** Opening RECORDS FOR THIS EXERCISE block **

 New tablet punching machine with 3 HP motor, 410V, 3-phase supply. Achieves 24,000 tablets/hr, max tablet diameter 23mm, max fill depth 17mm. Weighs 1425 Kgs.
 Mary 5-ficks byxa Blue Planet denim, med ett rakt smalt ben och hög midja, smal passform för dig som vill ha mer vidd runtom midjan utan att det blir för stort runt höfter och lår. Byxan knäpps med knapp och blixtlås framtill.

** Closing RECORDS FOR THIS EXERCISE block **
** Opening RECORDS FOR THIS EXERCISE block **

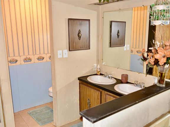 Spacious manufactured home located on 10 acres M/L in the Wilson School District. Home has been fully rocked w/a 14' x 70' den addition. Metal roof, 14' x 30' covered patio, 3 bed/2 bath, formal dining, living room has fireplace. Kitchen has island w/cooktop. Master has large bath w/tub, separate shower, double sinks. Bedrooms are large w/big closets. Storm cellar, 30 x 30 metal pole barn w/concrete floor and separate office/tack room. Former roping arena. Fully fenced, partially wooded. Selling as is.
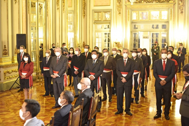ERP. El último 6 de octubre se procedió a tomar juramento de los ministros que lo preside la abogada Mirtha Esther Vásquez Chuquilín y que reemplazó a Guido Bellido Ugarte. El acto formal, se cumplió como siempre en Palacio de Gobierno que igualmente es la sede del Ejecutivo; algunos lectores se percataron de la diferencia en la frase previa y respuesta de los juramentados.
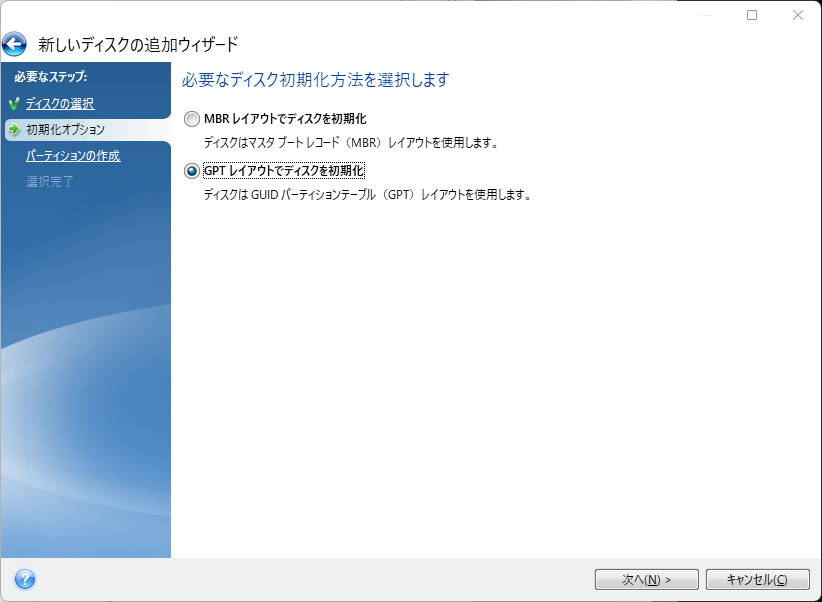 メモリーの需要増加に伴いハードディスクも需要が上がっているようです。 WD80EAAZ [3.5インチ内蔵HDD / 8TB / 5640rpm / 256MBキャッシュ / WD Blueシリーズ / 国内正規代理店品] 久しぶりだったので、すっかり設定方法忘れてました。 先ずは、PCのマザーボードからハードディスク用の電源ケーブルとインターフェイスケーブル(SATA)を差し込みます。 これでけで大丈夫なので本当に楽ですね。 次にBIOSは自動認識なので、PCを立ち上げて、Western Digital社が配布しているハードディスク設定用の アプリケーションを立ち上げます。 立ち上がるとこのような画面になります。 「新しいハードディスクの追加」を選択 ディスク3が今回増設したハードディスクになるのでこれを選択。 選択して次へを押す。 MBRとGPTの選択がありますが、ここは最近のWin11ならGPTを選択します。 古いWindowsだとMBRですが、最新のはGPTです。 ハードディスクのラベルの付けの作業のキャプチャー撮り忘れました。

** Closing RECORDS FOR THIS EXERCISE block **

■ PROBLEM REQUIREMENTS
From the material above, copy exactly the lines between the line holding "New tablet punching" and the line holding "Mary 5-ficks byxa", inclusive, and only those.

■ EXERCISE RESULT
 New tablet punching machine with 3 HP motor, 410V, 3-phase supply. Achieves 24,000 tablets/hr, max tablet diameter 23mm, max fill depth 17mm. Weighs 1425 Kgs.
 Mary 5-ficks byxa Blue Planet denim, med ett rakt smalt ben och hög midja, smal passform för dig som vill ha mer vidd runtom midjan utan att det blir för stort runt höfter och lår. Byxan knäpps med knapp och blixtlås framtill.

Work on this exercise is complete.